Monday, May 19, 2014
Egyptian Secret to Moving Huge Pyramid Stones
This is not the whole story of course but it is certainly part of the story and a very important part. It allows a sand roadbed to be constructed from the block making locale to the pyramid for direct haulage in order for the blocks to be stockpiled in preparation for construction. I had anticipated a canal, but this would work quite as well. One can even grade the sand to optimize its effectiveness as well.
In this way a sledge of blocks may even be sped steadily across the desert without let up.
We have perhaps all seen that particular image as well and never grasped its significance. Asking the right question has revealed an answer.
An important question will be to discover what grades may be possible and whether runners can be accommodated also. This promises to greatly facilitate the use of ramps in the early levels of building although doing nothing after that limit is reached.
Scientists Discovered the Egyptian Secret to Moving Huge Pyramid Stones
The question of just how an ancient civilization—without the help of modern technology—moved the 2.5 ton stones that made up their famed pyramids has long plagued Egyptologists and mechanical engineers alike. But now, a team from the University of Amsterdam believes they've figured it out, even though the solution was staring them in the face all along.
It all comes down to friction. See, the ancient Egyptians would transport their rocky cargo across the desert sands, from quarry to monument site with large sleds. Pretty basic sleds, basically just large slabs with upturned edges. Now, when you try to pull a large slab with upturned edges carrying a 2.5 ton load, it tends to dig into the sand ahead of it, building up a sand berm that must then be regularly cleared before it can become an even bigger obstacle.
Wet sand, however, doesn't do this. In sand with just the right amount of dampness, capillary bridges—essentially microdroplets of water that bind grains of sand to one another through capillary action—form across the grains, which doubles the material's relative stiffness. This prevents the sand from berming in front of the sled and cuts the force required to drag the sled in half. In half.

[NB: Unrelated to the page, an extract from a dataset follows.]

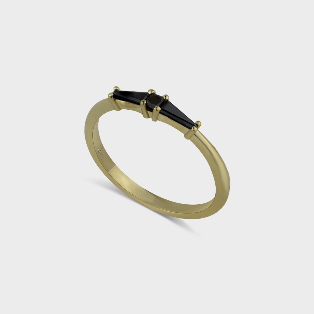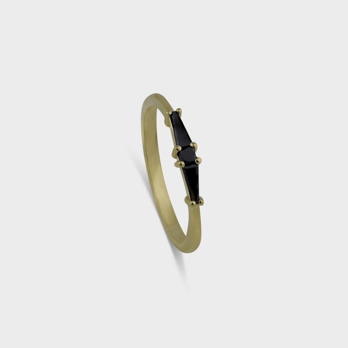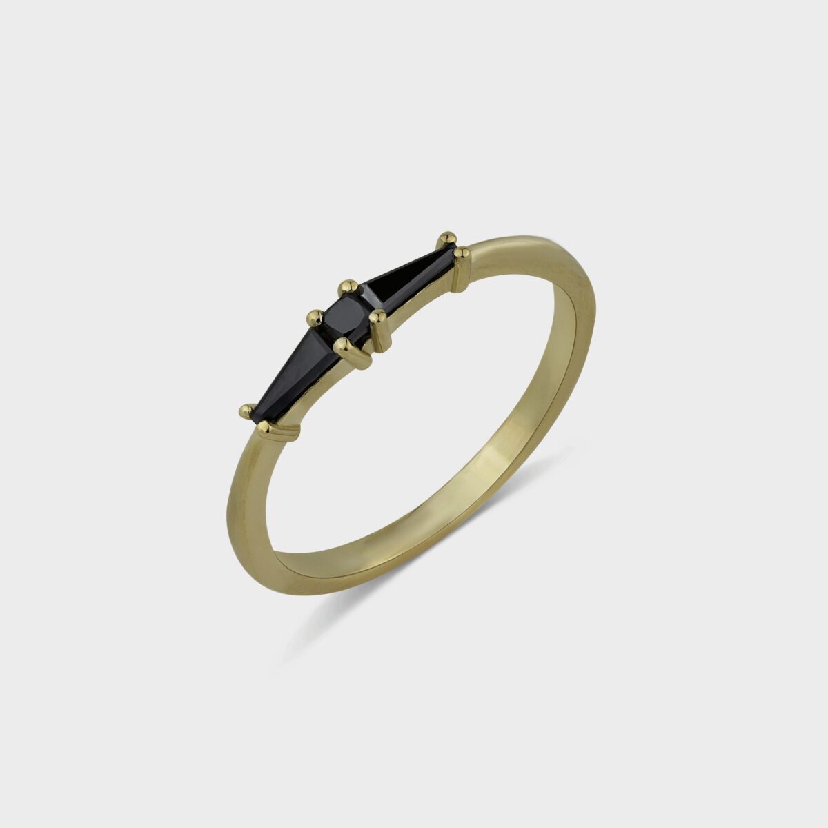 טבעת זהב 14 קרט, ייחודית ועדינה עם יהלום פרינסס מרכזי ושני יהלומים שחורים טייפרים בצדדים. טבעת מלאת נוכחות שתסתדר מצויין לבד וגם תשתלב נהדר עם טבעות נוספות.

As a UvA press release explains,
The physicists placed a laboratory version of the Egyptian sledge in a tray of sand. They determined both the required pulling force and the stiffness of the sand as a function of the quantity of water in the sand. To determine the stiffness they used a rheometer, which shows how much force is needed to deform a certain volume of sand.
Experiments revealed that the required pulling force decreased proportional to the stiffness of the sand...A sledge glides far more easily over firm desert sand simply because the sand does not pile up in front of the sledge as it does in the case of dry sand.
These experiments served to confirm what the Egyptians clearly already knew, and what we probably already should have. Artwork within the tomb of Djehutihotep, which was discovered in the Victorian Era, depicts a scene of slaves hauling a colossal statue of the Middle Kingdom ruler and in it, a guy at the front of the sled is shown pouring liquid into the sand. You can see it in the image above, just to the right of the statue's foot.
We can now finally put this scientific snipe hunt to rest and focus on how the hell Stonehenge got that way. [Gizmodo en Español]